Assignment: Every line of the data below is to be duplicated exactly, pictures excepted.

Dataset section:
++++++++
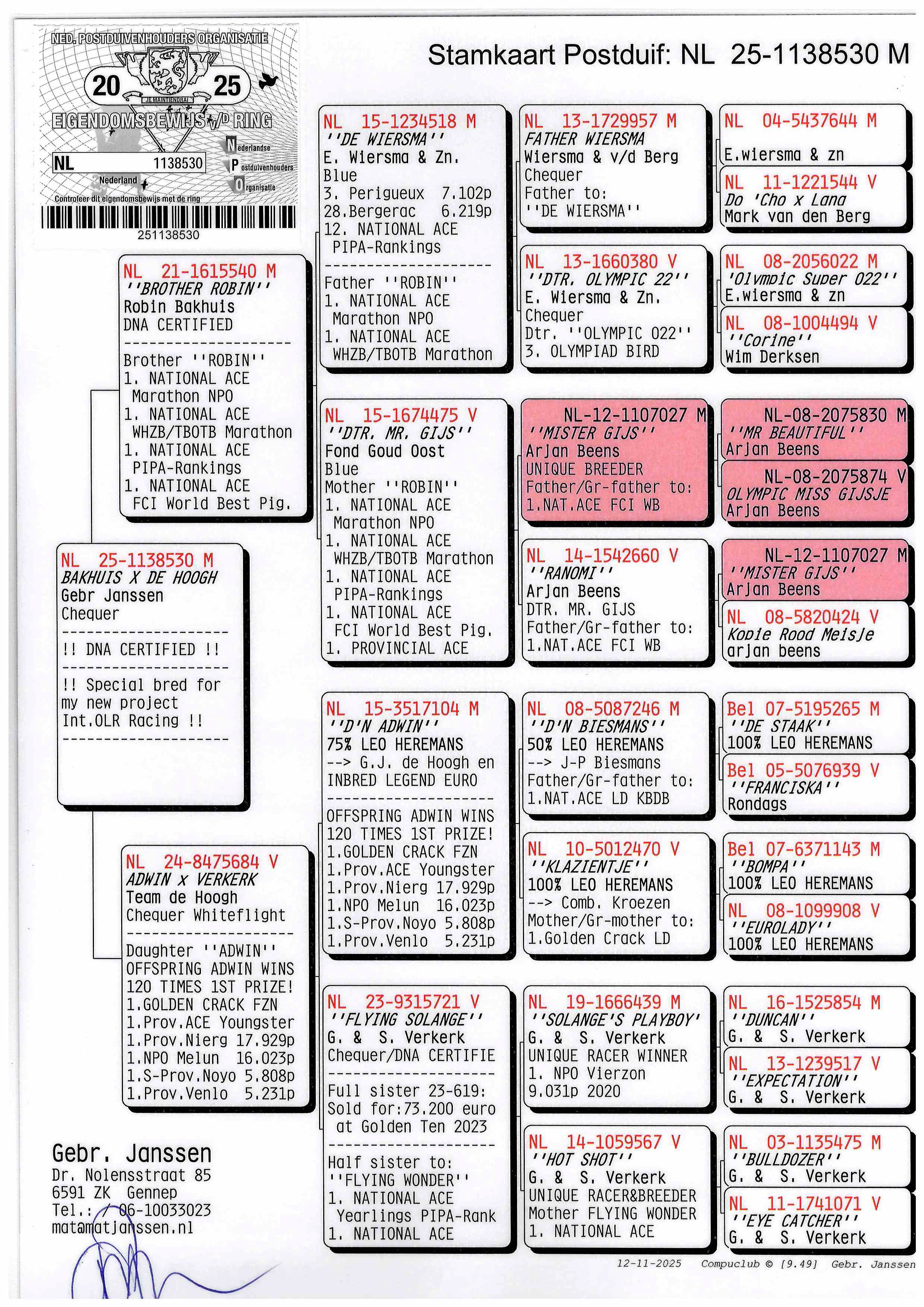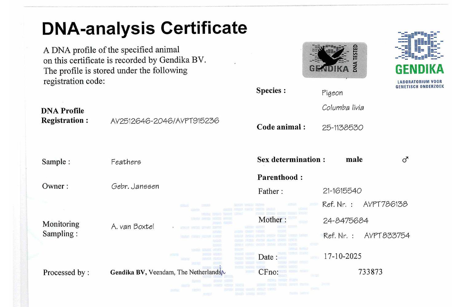 LOT 14 => ♂ DNA CERTIFIED & SEX DETERMINATION FATHER: BRTHR. “ROBIN”
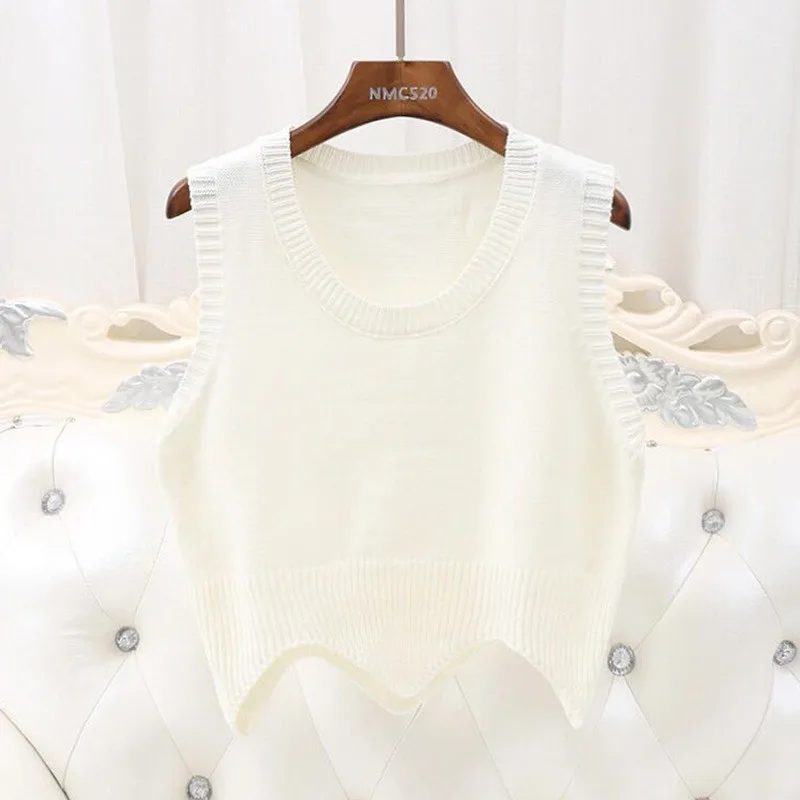 Offer Mode Effen Kleuren vrouwen Trui Gebreid O Hals Mouwloos Korte Trui Vest Golvende Rand Herfst Winter
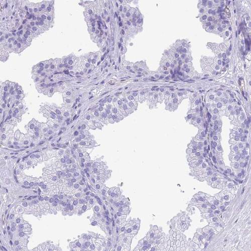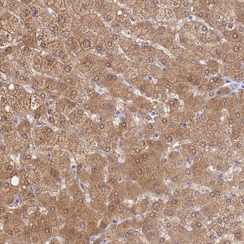 Immunohistochemical staining of human small intestine shows strong cytoplasmic positivity in glandular cells.
++++++++
Answer to this task:
 LOT 14 => ♂ DNA CERTIFIED & SEX DETERMINATION FATHER: BRTHR. “ROBIN”
 Offer Mode Effen Kleuren vrouwen Trui Gebreid O Hals Mouwloos Korte Trui Vest Golvende Rand Herfst Winter
 Immunohistochemical staining of human small intestine shows strong cytoplasmic positivity in glandular cells.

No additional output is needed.